Строго говоря, если исходить из предположения, что распространение языков соотносится с экспансией говорящих на них народов, гипотеза распространения праиндоевропейского языка из Анатолии в период неолита не выдерживает критики: анатолийцы не принесли свои гены в долину Инда, где гены первых земледельцев из региона, расположенного восточнее, в Иране (у горной системы Загрос), впоследствии смешались с генами популяций, пришедших с севера. Кстати, баски, чей язык не принадлежит к индоевропейской семье, генетически отчасти происходят от анатолийцев времен неолита.
Придерживаясь того же условия одновременного распространения генов и языков, рассмотрим вторую гипотезу: в бронзовом веке люди с востока Кавказа принесли индоевропейские языки в Южную и Восточную Европу (на Алтай они, вероятно, принесли ныне исчезнувшие тохарские языки, также относившиеся к индоевропейским). У этой гипотезы также есть недостаток. В геноме хеттов, говоривших на индоевропейском языке, гены популяций с востока Кавказа не обнаружены.
Следовательно, гипотеза об одновременном распространении языков и популяций остается гипотезой с некоторыми оговорками. Вполне можно предположить и анатолийское происхождение индоевропейского праязыка, его культурное распространение к Загросу, затем миграцию людей и языка в сторону Индии. И наоборот, в эпоху неолита люди из Анатолии могли мигрировать на запад, дойти до земель басков, но языкового замещения там не произошло.
Хотя в глобальном масштабе работы по генетике и лингвистике указывают на связь между распространением генов и языков (что можно считать аргументом в пользу одновременной миграции народов и языков), из этого общего правила есть и важные исключения. Например, население Турции говорит на тюркском языке, хотя генетически оно ближе к народам Ближнего Востока, чем к другим тюркоязычным народам от Турции до Алтая. Здесь языковое замещение произошло без миграции генов. Кроме того, попытки соотнести происхождение индоевропейского праязыка с одной-единственной популяцией, возможно, сами по себе говорят об упрощенном видении проблемы. Продолжайте работу, исследователи!
3000 лет до н. э.
Встреча пигмеев с банту
И в Европе, и на Ближнем Востоке, и в Центральной Азии появление земледельцев в корне изменило жизнь местного населения. Но как происходили эти встречи? Сопровождались ли они насилием? В какой-то степени ответ на этот вопрос дает африканский пример: приход банту на территорию пигмеев 5000 лет назад.
В то время в Центральную Африку прибывали новые народы, приносившие с собой новую систему земледелия — подсечно-огневую. Говорили они на языках банту, и местом их происхождения была территория нынешнего Камеруна. Впоследствии они быстро распространились по всей Африке — настолько, что между носителями банту из Габона и из Мозамбика нет существенных генетических различий. В тот же период популяции пигмеев, прежде занимавшие обширную смежную территорию, разделились на группы. Учитывая совпадение двух этих событий, можно предположить, что расселение банту в Центральной Африке повлекло за собой дробление популяций пигмеев. Аналогично тому, что происходило в Европе и Азии, впоследствии популяции пигмеев обменивались генами с соседними популяциями земледельцев.

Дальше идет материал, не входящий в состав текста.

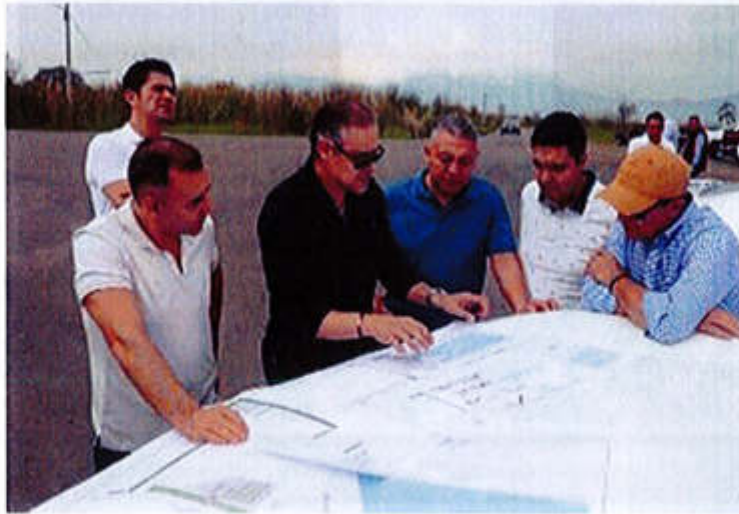
09 DE SEPTIEMBRE 2019- NUEVOS PROYECTOS PARA LA LAGUNA DE ZAPOTLAN EL GRANDE.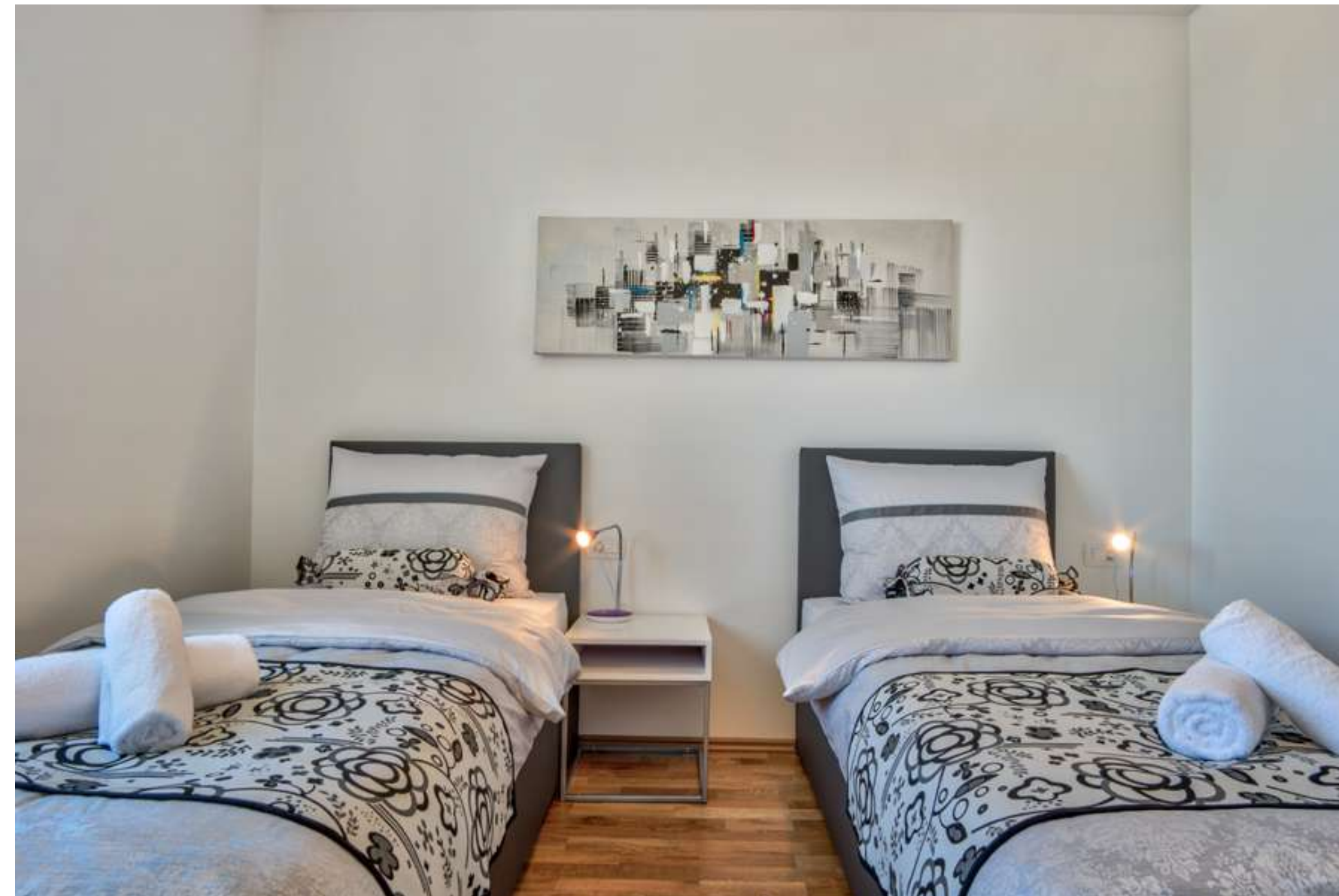
Tretja spalnica z dvema ločenima spalnicama

Одним из результатов нашего исследования, о котором я уже говорила, стало доказательство асимметричных обменов между пигмеями и их соседями. Мы наблюдали приток генов земледельцев у пигмеев, но приток генов пигмеев у земледельцев оказался незначительным. Если вспомнить, что известно этнологам об этих двух группах, такой результат не может не удивлять: действительно, совершенно исключено, чтобы пигмей женился на женщине из популяции земледельцев, тогда как брак между земледельцем и пигмейкой, хотя и редкость, все же приемлем с практической точки зрения. Даже если оставить в стороне вопрос привлекательности, эти женщины считаются плодовитыми, и за них приходится платить меньший выкуп.

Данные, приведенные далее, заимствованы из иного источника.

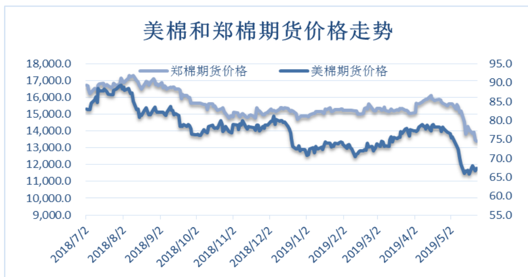
图 4、郑棉与美棉价格走势图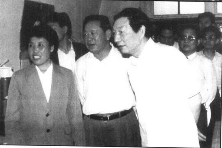
朱鎔基在大寨考察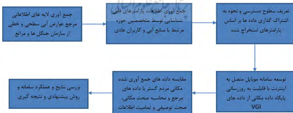
نگاره ۱: روند انجام تحقیق

سایت به عنوان نمونه‌ای از داده‌های مردم‌گستر استفاده کنند و تاکنون تحقیقات بسیاری در زمینه کیفیت داده‌های این سایت‌ها در مناطق مختلفی از دنیا انجام شده است. همچون Haklay و همکاران برای کشور انگلستان (Haklay, 2010). Girres برای کشور فرانسه (Girres et al., 2011) و Zielstra برای کشور آلمان (Zielstra et al., 2010). در واقع بحث اصلی در این نوع تحقیقات بررسی کیفیت اطلاعات مکانی مردم گستر می‌باشد. به نوعی با افزایش کیفیت این نوع داده‌ها نمادگذاری‌های خلاف واقع تعمدانه داده‌های مکانی به صورت چشمگیری کاهش می‌یابد (Senarata et al., 2015). از طرفی در به‌روزرسانی پایگاه داده، اطمینان از فراداده‌های مکانی اهمیت ویژه‌ای دارد. به خصوص فراداده‌هایی مثل کیفیت و تاریخ تولید داده‌های مکانی. پایگاه داده مکانی که دارای داده‌های باکیفیت بیشتر بسیار قابل‌اعتمادتر است و به همین دلیل داده‌ها قبل از ورود به پایگاه داده باید کیفیت سنجی شوند و داده‌های با کیفیت بالاتر جدا شوند (هنرپرور و آل‌شیخ ۱۳۹۴). کیفیت این نوع اطلاعات را می‌توان با استفاده از اندازه‌گیری‌ها و المان‌های کیفیت تشریح کرد (Antonioniou and Skopeliti, 2015) این داده‌ها ماهیت چندبعدی دارند و در مقالات و منابع علمی مختلف المان‌های متفاوتی برای کیفیت اطلاعات مکانی مردم گستر تعریف می‌شود، ولی پنج المان مهم که تقریباً در تمامی مراجع علمی مورد تأیید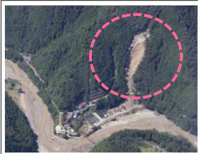
五百瀬工区(1号地)(被災直後) ・崩壊規模 0.47ha ・対策：山腹工 (令和4年度工事完了) ※今年度調査のみ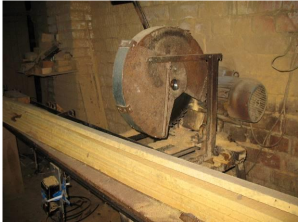
Malkas zāģis - kokmateriālu garinātājs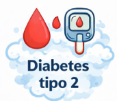
Diabetes tipo 2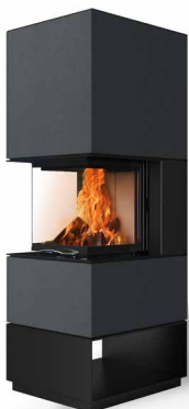
Mel 55 Beton anthrazit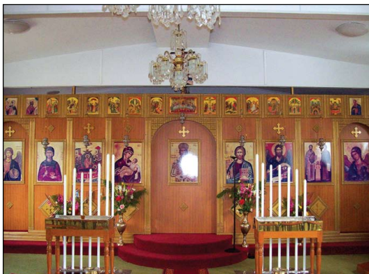
Ί. Ναὸς Κοιμήσεως τῆς Θεοτόκου εἰς Μελβούρνην Αὐστραλίας.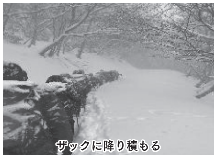
ザックに降り積もる

11時半過ぎ、頂上手前の東屋（標高555m・雲海展望台）に到着！昼食とのことだったがあまりにも寒くてお弁当は食べずに行動食を素早く食べて集合写真に納まった。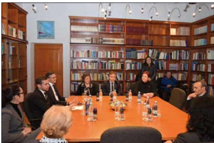
Il Presidente della CAN illustra all'Ambasciatore l'organizzazione politica della CNI a Isola, nonché le attività che si svolgono presso la sede di Palazzo Manzioli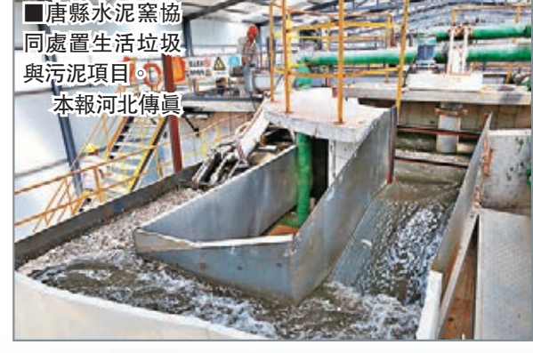
■唐縣水泥廠協同處置生活垃圾與污泥項目。本報河北傳真

另有水泥廠廠長直言：「廠子都是自己一磚一瓦建起來的，數百萬的環保設備，數千萬的投資砸了進去，心疼啊！『市場之手』比『政府之手』更有效果，淘汰不淘汰，應該由市場說了算。」談及西部轉移和走向海外，陳總表示，知道省裡鼓勵企業走出去，但主要有「離家三里外鄉人」的顧慮。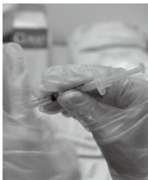
▲各種予防接種の実施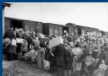
Transport Westerbork - Auschwitz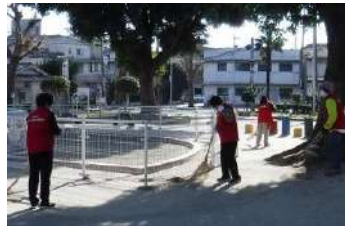
隅から隅まで綺麗に清掃します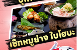
เช็กนุ้ย่าง ใบโอบะ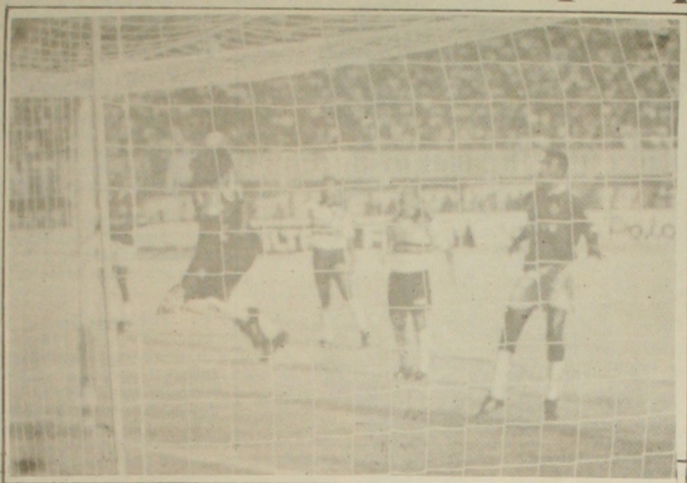
O Sergipe faz rodada dupla com o Confiância domingo

В подобных обществах женщина традиционно отправляется жить к мужу. Следовательно, если деревенский житель женится на пигмейке, она перебирается в деревню земледельцев. Приток генов должен идти от пигмеев к непигмеям, но генетические данные указывают на обратное. Причина этого парадокса проста: пигмейская женщина или ее дети рано или поздно почти всегда возвращаются к своим. Дело в том, что деревенские жители презирают пигмеев. И потому, разводится ли пигмейка с мужем и возвращается вместе с детьми в общину пигмеев или же уходят только ее дети, «земледельческие» гены, носителями которых они становятся, в конце концов оказываются у пигмеев.